--- DIRECTIONS ---
Your copy should hold only the lines from the one with "While you're over" to the one with "菌菇蔬菜入锅先和调味炒香,再拿豆皮卷了,微微煎香,切断,就鲜味十足了。", both included, each exactly as it stands below, with no pictures.

--- RECORDS SUPPLIED ---
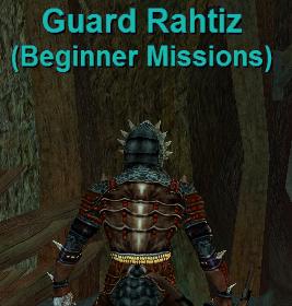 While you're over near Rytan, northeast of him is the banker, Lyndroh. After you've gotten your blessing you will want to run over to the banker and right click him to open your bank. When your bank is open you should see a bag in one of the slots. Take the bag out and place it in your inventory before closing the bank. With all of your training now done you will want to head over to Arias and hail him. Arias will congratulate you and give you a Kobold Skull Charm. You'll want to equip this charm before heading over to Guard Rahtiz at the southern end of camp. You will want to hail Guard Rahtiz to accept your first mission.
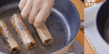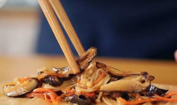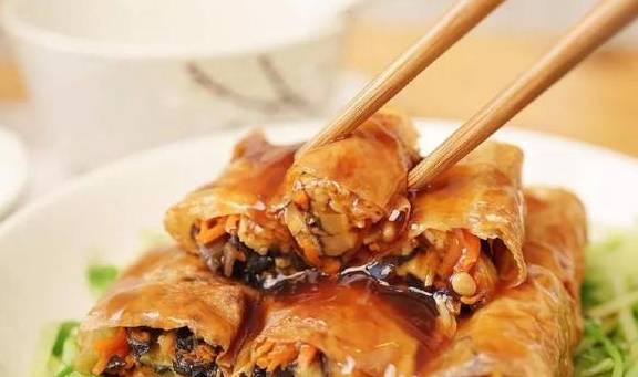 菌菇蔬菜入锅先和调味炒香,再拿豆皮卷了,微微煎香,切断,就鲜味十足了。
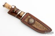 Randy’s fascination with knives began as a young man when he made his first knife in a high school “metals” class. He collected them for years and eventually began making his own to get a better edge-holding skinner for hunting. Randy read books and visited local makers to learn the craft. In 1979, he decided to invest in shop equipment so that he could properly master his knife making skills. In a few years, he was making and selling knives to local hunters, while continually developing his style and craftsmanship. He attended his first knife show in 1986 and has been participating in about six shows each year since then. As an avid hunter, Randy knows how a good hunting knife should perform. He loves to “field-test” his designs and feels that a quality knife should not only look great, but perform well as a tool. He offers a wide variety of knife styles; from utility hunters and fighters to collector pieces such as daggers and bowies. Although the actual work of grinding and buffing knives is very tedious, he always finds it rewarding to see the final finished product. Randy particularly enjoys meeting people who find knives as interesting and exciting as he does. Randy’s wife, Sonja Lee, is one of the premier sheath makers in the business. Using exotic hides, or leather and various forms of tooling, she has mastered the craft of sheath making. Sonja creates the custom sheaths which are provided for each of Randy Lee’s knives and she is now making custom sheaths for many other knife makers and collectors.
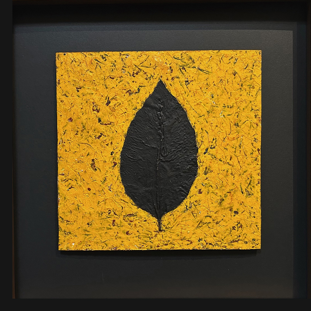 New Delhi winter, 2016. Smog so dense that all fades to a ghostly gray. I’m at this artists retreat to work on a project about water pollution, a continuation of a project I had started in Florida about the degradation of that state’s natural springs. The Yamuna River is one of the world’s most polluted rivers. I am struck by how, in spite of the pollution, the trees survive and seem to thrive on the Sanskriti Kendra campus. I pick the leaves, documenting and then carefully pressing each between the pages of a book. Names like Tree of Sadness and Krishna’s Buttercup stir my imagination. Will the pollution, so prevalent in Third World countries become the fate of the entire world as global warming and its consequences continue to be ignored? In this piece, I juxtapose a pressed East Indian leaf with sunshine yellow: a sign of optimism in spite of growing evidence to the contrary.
--
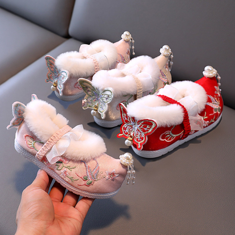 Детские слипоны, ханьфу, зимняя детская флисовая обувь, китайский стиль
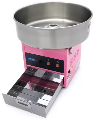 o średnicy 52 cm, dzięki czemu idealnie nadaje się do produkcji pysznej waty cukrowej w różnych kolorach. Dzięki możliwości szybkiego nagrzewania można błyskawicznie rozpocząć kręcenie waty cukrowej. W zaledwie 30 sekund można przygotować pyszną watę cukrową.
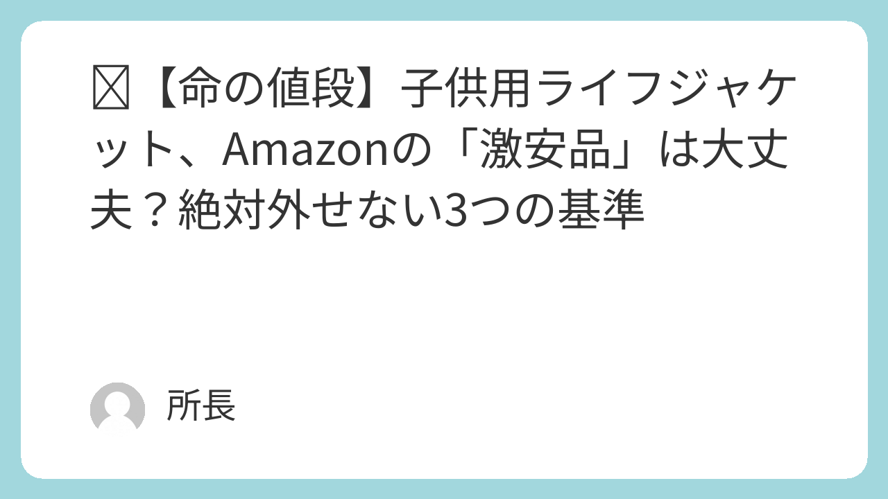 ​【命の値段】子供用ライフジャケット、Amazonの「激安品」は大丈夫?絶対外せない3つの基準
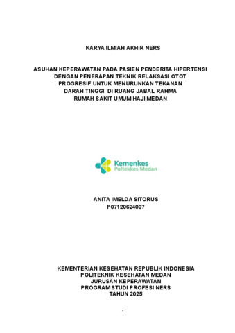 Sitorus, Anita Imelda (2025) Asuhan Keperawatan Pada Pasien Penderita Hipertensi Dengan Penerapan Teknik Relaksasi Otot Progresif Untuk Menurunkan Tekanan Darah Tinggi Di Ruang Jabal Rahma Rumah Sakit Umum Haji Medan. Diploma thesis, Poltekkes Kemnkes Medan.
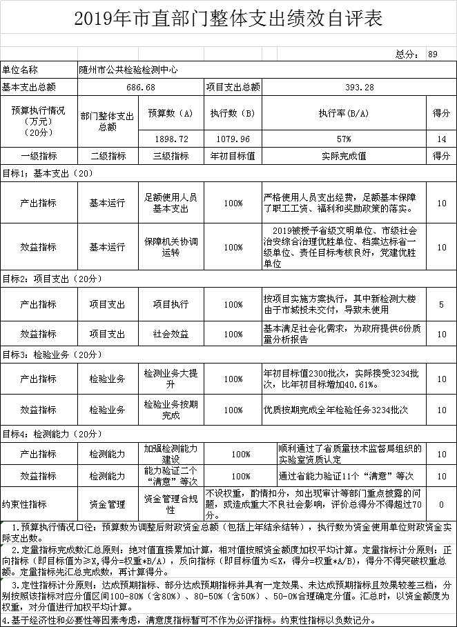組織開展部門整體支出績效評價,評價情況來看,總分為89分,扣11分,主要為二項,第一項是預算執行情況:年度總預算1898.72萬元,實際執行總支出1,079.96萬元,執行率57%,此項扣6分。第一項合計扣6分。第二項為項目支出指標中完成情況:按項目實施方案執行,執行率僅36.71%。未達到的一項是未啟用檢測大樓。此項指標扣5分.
==
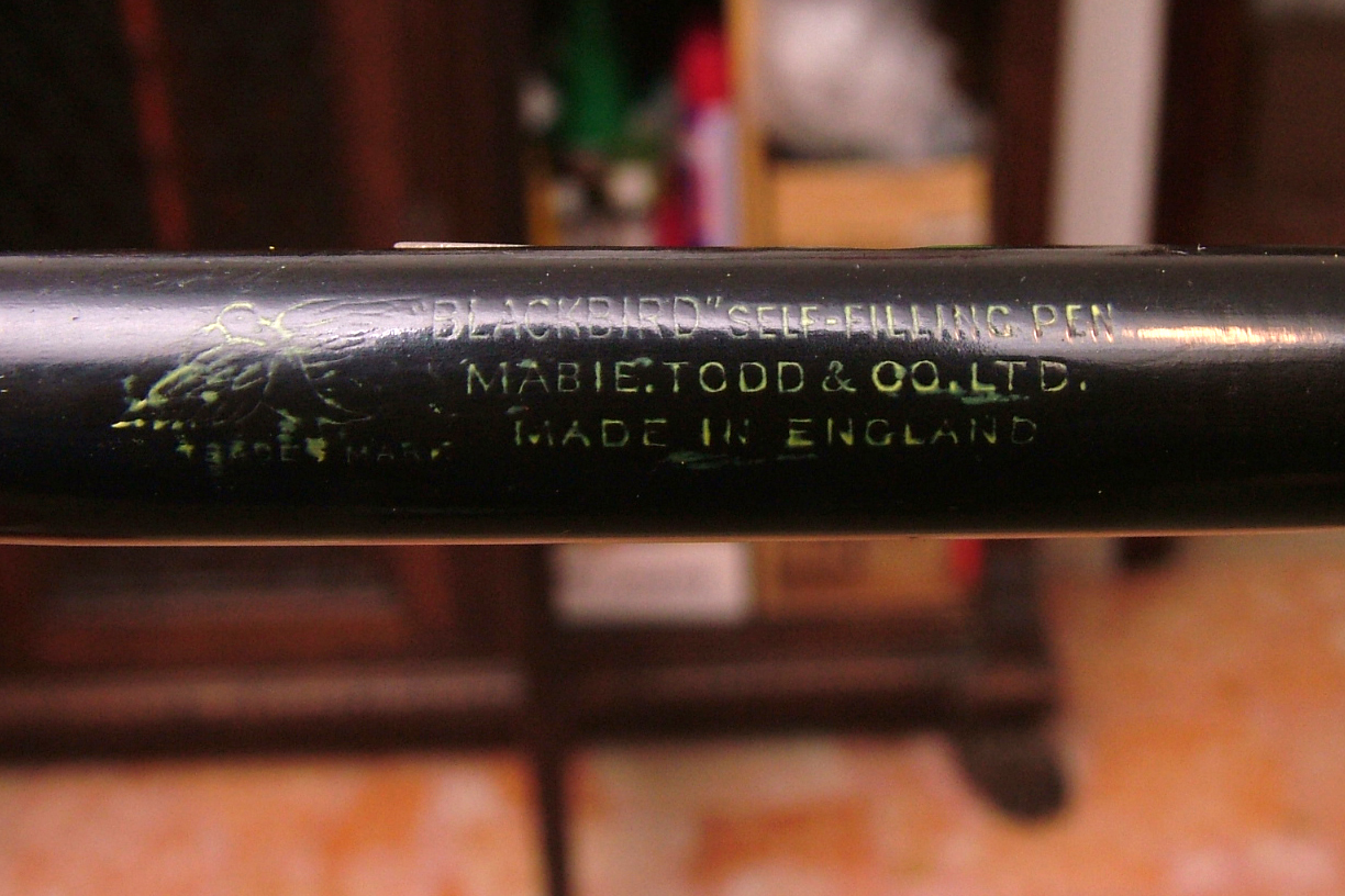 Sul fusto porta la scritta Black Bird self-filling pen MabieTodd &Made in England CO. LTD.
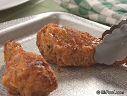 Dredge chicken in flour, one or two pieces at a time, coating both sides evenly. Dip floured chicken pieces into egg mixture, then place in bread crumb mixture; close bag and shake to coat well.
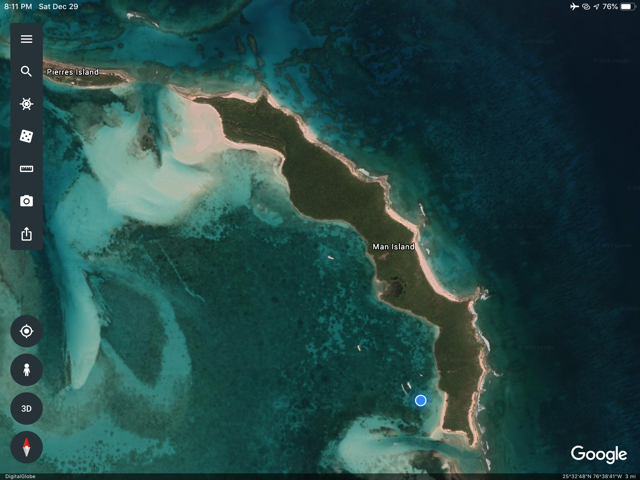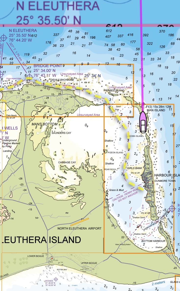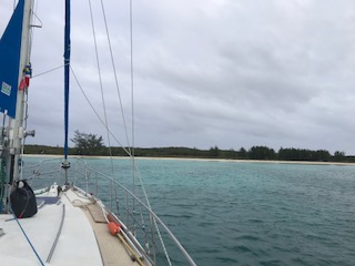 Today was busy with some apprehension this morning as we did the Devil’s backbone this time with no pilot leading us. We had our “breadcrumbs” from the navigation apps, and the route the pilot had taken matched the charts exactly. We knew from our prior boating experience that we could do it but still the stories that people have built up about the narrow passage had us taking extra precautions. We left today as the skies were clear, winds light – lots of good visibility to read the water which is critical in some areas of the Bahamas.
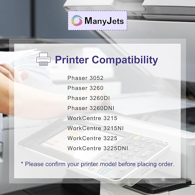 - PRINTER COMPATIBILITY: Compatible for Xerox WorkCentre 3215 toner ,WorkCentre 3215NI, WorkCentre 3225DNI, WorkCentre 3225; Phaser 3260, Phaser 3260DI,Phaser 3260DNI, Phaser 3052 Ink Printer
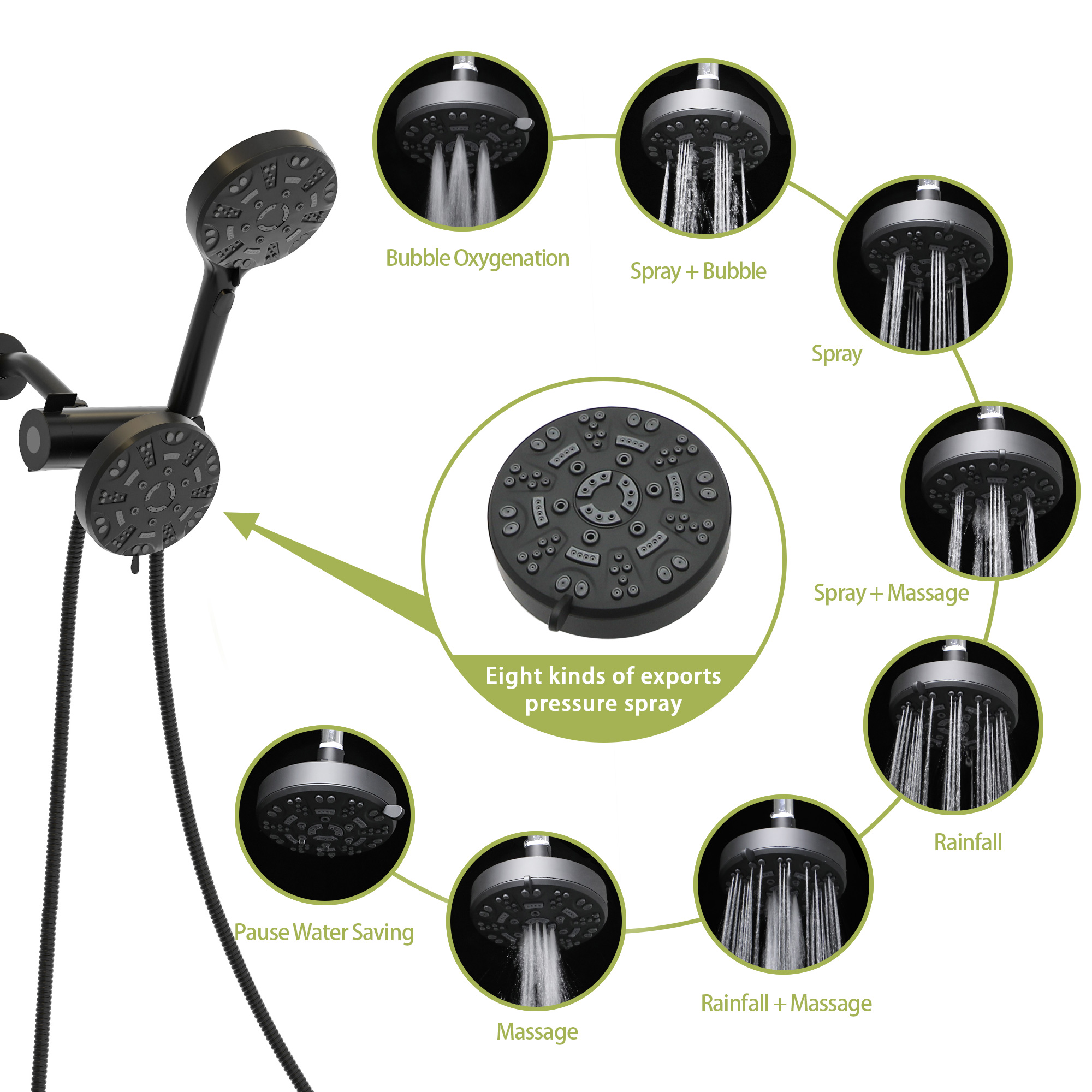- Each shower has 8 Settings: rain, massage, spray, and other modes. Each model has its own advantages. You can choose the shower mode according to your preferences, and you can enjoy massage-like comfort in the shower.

--- TASK RESPONSE ---
 While you're over near Rytan, northeast of him is the banker, Lyndroh. After you've gotten your blessing you will want to run over to the banker and right click him to open your bank. When your bank is open you should see a bag in one of the slots. Take the bag out and place it in your inventory before closing the bank. With all of your training now done you will want to head over to Arias and hail him. Arias will congratulate you and give you a Kobold Skull Charm. You'll want to equip this charm before heading over to Guard Rahtiz at the southern end of camp. You will want to hail Guard Rahtiz to accept your first mission.
 菌菇蔬菜入锅先和调味炒香,再拿豆皮卷了,微微煎香,切断,就鲜味十足了。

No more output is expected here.